* Given data
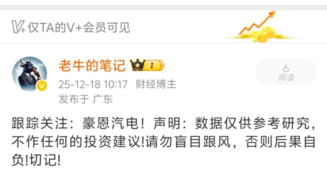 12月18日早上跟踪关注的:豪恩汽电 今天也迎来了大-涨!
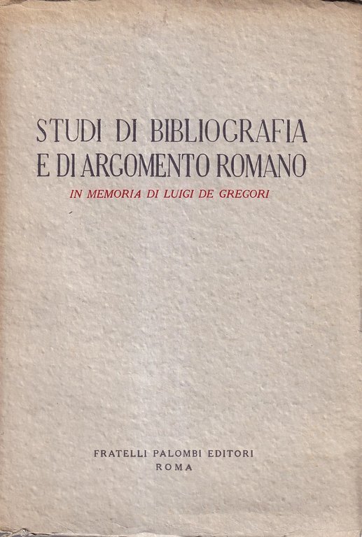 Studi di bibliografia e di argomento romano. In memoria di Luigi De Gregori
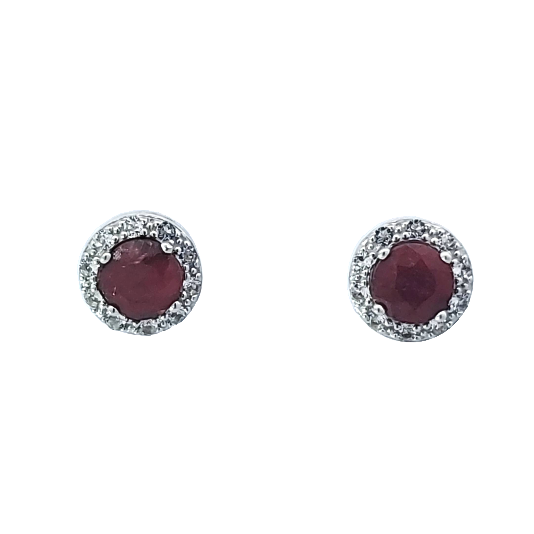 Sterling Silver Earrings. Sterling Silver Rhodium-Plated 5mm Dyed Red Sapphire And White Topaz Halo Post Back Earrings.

==

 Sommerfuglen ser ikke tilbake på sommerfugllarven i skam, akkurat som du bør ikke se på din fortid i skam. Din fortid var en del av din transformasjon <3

* Work to be completed
Leave out the images and write out the lines above exactly, from the one with "12月18日早上跟踪关注的:豪恩汽电 今天也迎来了大-涨!" up to and including the one with "Sterling Silver Earrings.".

* Task solution
 12月18日早上跟踪关注的:豪恩汽电 今天也迎来了大-涨!
 Studi di bibliografia e di argomento romano. In memoria di Luigi De Gregori
 Sterling Silver Earrings. Sterling Silver Rhodium-Plated 5mm Dyed Red Sapphire And White Topaz Halo Post Back Earrings.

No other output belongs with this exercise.